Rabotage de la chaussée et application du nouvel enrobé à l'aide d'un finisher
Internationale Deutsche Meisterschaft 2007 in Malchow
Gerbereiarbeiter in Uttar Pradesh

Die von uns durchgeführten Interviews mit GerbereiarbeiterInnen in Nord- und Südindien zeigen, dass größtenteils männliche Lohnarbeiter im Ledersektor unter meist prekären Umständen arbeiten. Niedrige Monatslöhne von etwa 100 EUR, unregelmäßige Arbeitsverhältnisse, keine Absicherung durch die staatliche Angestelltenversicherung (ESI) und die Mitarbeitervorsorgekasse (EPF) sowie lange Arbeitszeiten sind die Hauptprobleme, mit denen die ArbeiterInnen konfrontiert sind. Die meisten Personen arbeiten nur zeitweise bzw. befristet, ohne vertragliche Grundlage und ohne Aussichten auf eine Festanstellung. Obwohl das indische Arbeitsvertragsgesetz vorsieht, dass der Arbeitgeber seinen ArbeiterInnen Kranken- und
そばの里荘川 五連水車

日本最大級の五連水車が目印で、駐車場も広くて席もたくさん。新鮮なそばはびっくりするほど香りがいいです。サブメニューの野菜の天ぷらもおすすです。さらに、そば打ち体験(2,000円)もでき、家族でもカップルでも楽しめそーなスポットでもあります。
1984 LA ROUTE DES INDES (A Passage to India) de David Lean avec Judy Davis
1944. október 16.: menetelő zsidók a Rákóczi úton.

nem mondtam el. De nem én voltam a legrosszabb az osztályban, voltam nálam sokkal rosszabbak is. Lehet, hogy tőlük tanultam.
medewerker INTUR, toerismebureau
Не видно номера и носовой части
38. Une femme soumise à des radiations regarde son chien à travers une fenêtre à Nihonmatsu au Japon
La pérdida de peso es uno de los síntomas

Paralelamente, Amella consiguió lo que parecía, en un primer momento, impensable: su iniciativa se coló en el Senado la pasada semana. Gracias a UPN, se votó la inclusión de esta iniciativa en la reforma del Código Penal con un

------

> **Exercise objective**:
Only the lines above from the one with "1944. október 16.: menetelő" through the one with "Не видно номера и носовой части" should be duplicated, character for character.

> **Answer space**:
1944. október 16.: menetelő zsidók a Rákóczi úton.

nem mondtam el. De nem én voltam a legrosszabb az osztályban, voltam nálam sokkal rosszabbak is. Lehet, hogy tőlük tanultam.
medewerker INTUR, toerismebureau
Не видно номера и носовой части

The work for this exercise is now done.